Return only the lines from the one that contains "-9.96% | -29.27% |" through the last line of the records below, exactly as they stand. Pictures are not part of the copy.

------ Dataset content ------

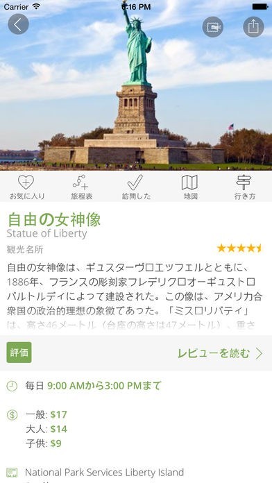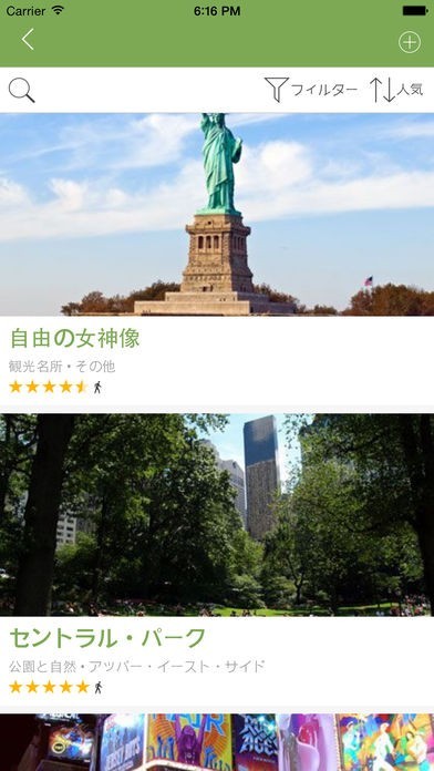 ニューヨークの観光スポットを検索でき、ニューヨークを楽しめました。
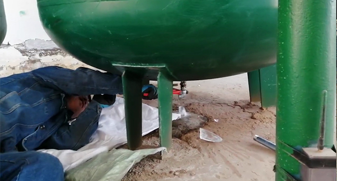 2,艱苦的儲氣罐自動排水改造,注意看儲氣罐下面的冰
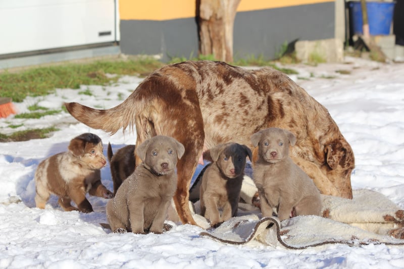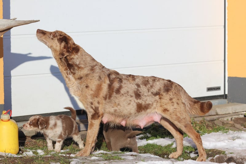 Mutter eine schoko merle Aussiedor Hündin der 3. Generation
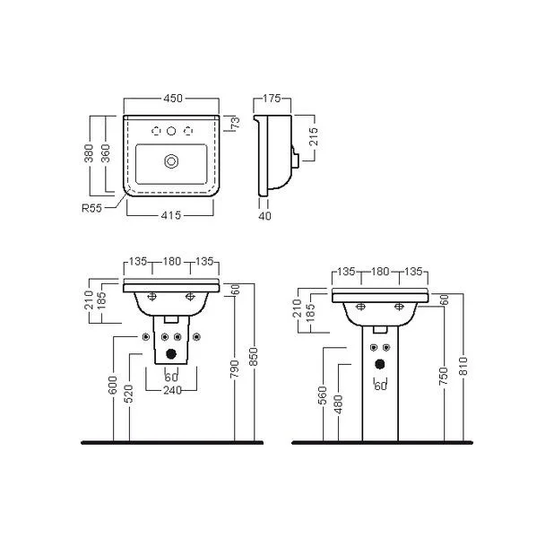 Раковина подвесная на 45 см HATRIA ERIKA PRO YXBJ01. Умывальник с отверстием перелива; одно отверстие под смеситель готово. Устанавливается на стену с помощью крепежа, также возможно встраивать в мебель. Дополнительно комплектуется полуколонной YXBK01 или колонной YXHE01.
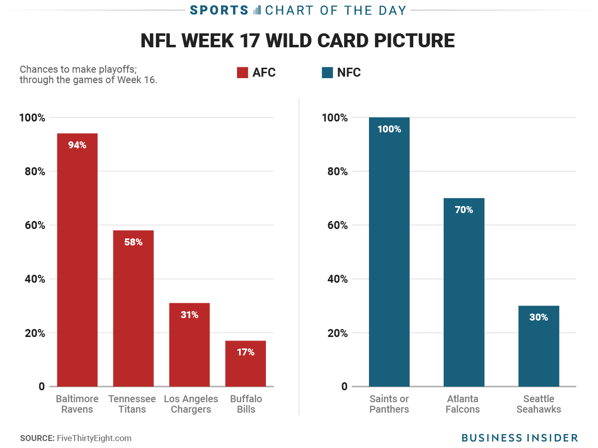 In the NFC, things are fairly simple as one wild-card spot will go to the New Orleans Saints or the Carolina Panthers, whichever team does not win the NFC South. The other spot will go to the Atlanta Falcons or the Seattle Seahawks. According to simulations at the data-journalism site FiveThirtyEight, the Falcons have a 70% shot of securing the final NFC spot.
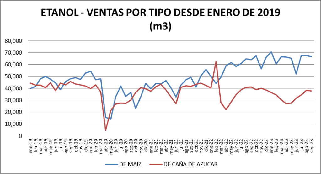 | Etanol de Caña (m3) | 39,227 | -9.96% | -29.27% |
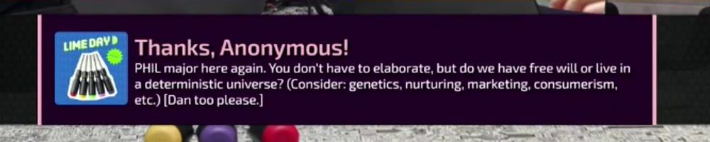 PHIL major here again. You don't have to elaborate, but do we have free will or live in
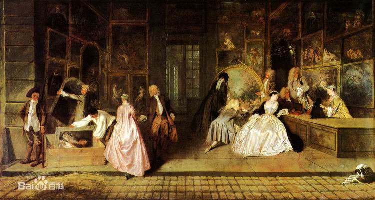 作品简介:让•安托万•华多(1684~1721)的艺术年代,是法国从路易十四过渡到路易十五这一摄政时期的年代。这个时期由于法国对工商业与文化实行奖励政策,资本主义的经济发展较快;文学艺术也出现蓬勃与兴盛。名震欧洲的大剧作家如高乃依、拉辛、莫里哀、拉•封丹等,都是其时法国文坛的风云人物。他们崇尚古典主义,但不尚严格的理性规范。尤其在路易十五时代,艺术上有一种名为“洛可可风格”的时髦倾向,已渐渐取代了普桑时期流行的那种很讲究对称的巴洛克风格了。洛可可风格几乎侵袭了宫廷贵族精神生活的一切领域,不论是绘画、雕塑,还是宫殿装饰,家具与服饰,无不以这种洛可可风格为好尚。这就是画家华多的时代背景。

------

> Answer area:
 | Etanol de Caña (m3) | 39,227 | -9.96% | -29.27% |
 PHIL major here again. You don't have to elaborate, but do we have free will or live in
 作品简介:让•安托万•华多(1684~1721)的艺术年代,是法国从路易十四过渡到路易十五这一摄政时期的年代。这个时期由于法国对工商业与文化实行奖励政策,资本主义的经济发展较快;文学艺术也出现蓬勃与兴盛。名震欧洲的大剧作家如高乃依、拉辛、莫里哀、拉•封丹等,都是其时法国文坛的风云人物。他们崇尚古典主义,但不尚严格的理性规范。尤其在路易十五时代,艺术上有一种名为“洛可可风格”的时髦倾向,已渐渐取代了普桑时期流行的那种很讲究对称的巴洛克风格了。洛可可风格几乎侵袭了宫廷贵族精神生活的一切领域,不论是绘画、雕塑,还是宫殿装饰,家具与服饰,无不以这种洛可可风格为好尚。这就是画家华多的时代背景。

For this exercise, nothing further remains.